*The data:*
☆ ☆ ☆

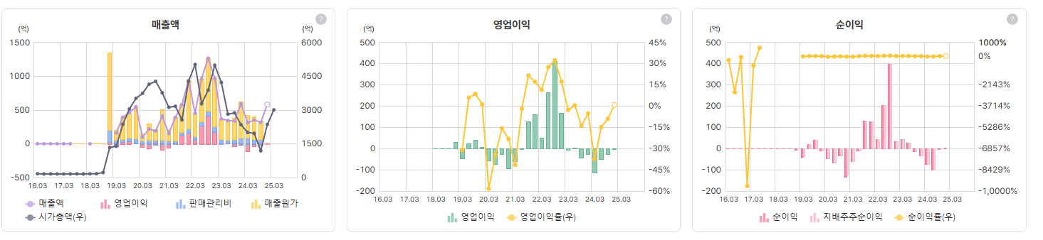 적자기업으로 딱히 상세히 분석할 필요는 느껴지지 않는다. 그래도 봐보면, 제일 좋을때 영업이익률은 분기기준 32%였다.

☆ ☆ ☆

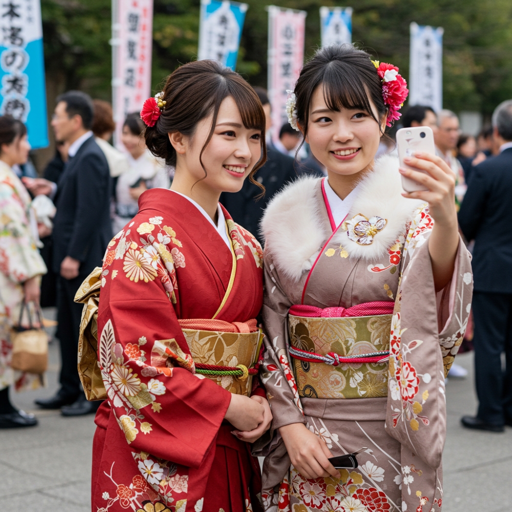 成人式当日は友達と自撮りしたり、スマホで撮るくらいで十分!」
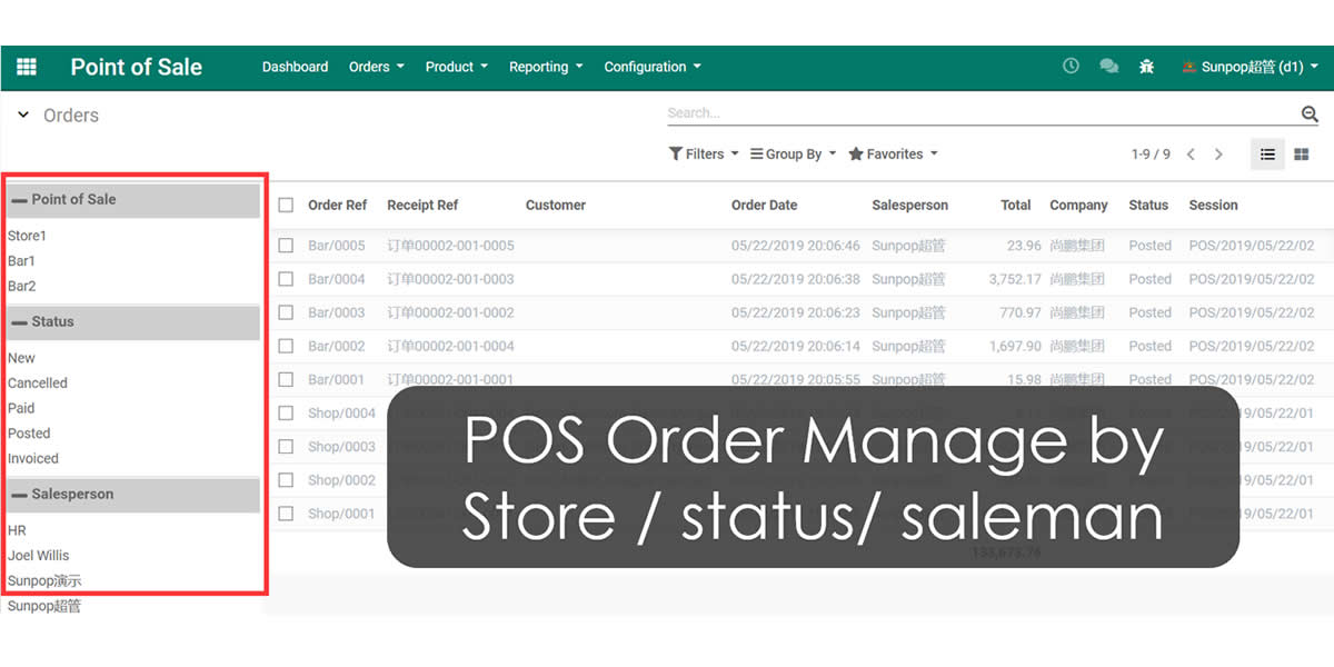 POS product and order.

☆ ☆ ☆

*Task directions:* Within the material above, only the stretch from the line holding "成人式当日は友達と自撮りしたり、スマホで撮るくらいで十分!」" through the line holding "POS product and order." is to be restated exactly. Pictures are dropped.

*Written answer:*
 成人式当日は友達と自撮りしたり、スマホで撮るくらいで十分!」
 POS product and order.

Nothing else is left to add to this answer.